The Iron Dome anti-missile system fires interception missiles as rockets are fired from the Gaza Strip into Israel, as seen from Sderot, on May 13, 2023. (Yonatan Sindel/Flash90)

The Air Force carried out the strikes with 120 fighter jets, 14 combat helicopters, and an unspecified number of drones. The aircraft used 250 tons of munitions (a total of 390 bombs). Drones carried out a total of 115 strikes, and ground forces carried out 10 strikes.

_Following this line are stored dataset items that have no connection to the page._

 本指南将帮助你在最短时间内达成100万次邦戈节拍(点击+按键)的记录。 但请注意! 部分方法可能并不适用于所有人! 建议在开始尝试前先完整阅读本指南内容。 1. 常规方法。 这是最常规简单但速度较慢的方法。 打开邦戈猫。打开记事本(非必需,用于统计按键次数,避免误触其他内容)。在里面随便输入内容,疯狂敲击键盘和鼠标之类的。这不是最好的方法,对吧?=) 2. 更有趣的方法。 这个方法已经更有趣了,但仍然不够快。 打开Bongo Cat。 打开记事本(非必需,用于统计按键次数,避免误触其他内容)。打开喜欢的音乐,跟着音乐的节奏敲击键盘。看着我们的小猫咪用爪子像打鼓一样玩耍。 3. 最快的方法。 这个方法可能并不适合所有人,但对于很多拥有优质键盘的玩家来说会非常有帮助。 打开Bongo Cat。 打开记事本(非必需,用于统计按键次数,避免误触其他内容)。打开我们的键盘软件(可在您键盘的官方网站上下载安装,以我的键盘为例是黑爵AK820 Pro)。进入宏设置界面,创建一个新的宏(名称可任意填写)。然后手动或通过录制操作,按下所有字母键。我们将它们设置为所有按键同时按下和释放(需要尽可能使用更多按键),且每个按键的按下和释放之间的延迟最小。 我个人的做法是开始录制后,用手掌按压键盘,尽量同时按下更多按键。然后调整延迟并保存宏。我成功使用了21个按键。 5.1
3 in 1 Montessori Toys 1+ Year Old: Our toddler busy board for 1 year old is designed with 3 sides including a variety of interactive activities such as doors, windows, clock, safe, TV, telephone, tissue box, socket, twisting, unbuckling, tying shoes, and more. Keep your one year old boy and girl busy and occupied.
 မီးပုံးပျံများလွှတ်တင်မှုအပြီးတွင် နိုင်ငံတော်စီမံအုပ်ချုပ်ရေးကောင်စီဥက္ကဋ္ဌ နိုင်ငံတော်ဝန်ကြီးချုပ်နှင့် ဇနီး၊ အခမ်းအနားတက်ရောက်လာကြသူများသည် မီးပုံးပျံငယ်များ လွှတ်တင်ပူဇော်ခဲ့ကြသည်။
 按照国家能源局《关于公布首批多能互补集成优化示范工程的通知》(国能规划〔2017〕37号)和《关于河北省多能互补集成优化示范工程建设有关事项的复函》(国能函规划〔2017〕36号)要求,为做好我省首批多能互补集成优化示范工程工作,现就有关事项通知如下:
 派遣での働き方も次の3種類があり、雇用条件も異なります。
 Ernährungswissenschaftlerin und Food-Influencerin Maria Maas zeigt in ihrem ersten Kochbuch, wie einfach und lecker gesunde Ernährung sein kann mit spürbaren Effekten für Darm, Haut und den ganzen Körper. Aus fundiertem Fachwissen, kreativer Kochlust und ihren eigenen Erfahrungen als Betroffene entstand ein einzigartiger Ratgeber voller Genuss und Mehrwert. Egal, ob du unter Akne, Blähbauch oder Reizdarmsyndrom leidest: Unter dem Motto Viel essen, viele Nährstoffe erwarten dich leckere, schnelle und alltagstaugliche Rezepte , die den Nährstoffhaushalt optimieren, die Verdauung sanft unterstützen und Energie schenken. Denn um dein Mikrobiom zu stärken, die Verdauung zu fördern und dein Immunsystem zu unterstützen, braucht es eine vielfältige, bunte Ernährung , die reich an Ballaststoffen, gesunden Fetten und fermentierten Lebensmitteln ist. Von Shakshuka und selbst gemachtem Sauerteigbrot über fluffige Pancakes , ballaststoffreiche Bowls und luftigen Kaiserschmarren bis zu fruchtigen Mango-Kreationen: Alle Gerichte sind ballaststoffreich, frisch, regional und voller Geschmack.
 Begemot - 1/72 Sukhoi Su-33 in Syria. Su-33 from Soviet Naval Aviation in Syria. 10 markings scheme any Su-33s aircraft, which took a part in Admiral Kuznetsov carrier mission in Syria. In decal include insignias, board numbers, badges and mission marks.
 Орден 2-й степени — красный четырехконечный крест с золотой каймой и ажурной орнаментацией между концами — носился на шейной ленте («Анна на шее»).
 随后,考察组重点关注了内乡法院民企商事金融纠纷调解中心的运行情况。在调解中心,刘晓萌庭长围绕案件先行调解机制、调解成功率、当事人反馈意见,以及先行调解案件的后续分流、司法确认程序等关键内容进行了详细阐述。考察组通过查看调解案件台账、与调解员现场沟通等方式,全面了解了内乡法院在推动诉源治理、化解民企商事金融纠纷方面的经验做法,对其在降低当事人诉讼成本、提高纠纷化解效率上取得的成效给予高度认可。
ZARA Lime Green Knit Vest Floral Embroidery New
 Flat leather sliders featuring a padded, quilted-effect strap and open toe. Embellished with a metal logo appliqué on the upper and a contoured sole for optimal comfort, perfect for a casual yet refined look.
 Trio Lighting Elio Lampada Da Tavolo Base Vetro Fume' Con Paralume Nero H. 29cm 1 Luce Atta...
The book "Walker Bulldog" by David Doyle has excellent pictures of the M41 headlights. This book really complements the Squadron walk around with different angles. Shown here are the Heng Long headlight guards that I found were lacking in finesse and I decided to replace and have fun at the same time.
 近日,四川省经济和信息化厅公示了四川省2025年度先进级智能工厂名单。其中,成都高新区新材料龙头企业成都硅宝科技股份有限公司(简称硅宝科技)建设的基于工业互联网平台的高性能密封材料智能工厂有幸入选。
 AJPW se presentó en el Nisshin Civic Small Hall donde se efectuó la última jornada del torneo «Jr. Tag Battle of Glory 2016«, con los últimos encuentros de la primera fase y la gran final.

The IDF said it killed a total of 21 terror operatives during the fighting. The Hamas-run health ministry in Gaza reported 33 deaths during the fighting. The IDF said at least four civilians were likely killed by failed rockets, and a number of civilians were killed during the initial strikes of the operation early Tuesday morning, targeting senior Islamic Jihad members.

Speaking to reporters, the head of the IDF Southern Command, Maj. Gen. Eliezer Toledano, said the surprise strikes on Tuesday were key to what the military views as a very successful operation.

“It was important for us to start the operation with a complete surprise, during a [normal] routine, because in the face of terror organizations that use their citizens and their families to protect themselves, you have to work with smart and sophisticated methods,” Toledano said.

“It was important for us to keep up a sequence of targeted strikes and to eliminate [terror operatives] every day,” he said. “I’m happy that together with our partners we made the right planning and with the highest quality execution.”

Toledano said defensive activities were continuing on the Gaza border following the ceasefire.

Police and rescue forces at the scene where a rocket fired from Gaza hit and damaged a building in Rehovot on May 11, 2023. (Yossi Aloni/Flash90)

Announcing the ceasefire on Saturday evening, Egypt said the parties agreed to “a commitment to stop the attacks on civilians and the destruction of homes, as well as the harm to people immediately, from the start of the ceasefire.”

Cairo said it expected Israel and Islamic Jihad to abide by the agreement, despite contradictory reports on its contents.

In Gaza, Islamic Jihad spokesman Tareq Selmi said Israel had agreed to halt its policy of targeted strikes on the group’s leaders. “Any stupidity or assassination by the occupation will be met with a response and the Zionist enemy bears the responsibility,” he said.

But in a statement thanking Egypt for its “vigorous efforts” to negotiate an end to the fighting, Prime Minister Benjamin Netanyahu’s national security adviser, Tzachi Hanegbi, said that “quiet would be answered with quiet” and Israel would do “everything that it needs to in order to defend itself.”

Times of Israel staff contributed to this report.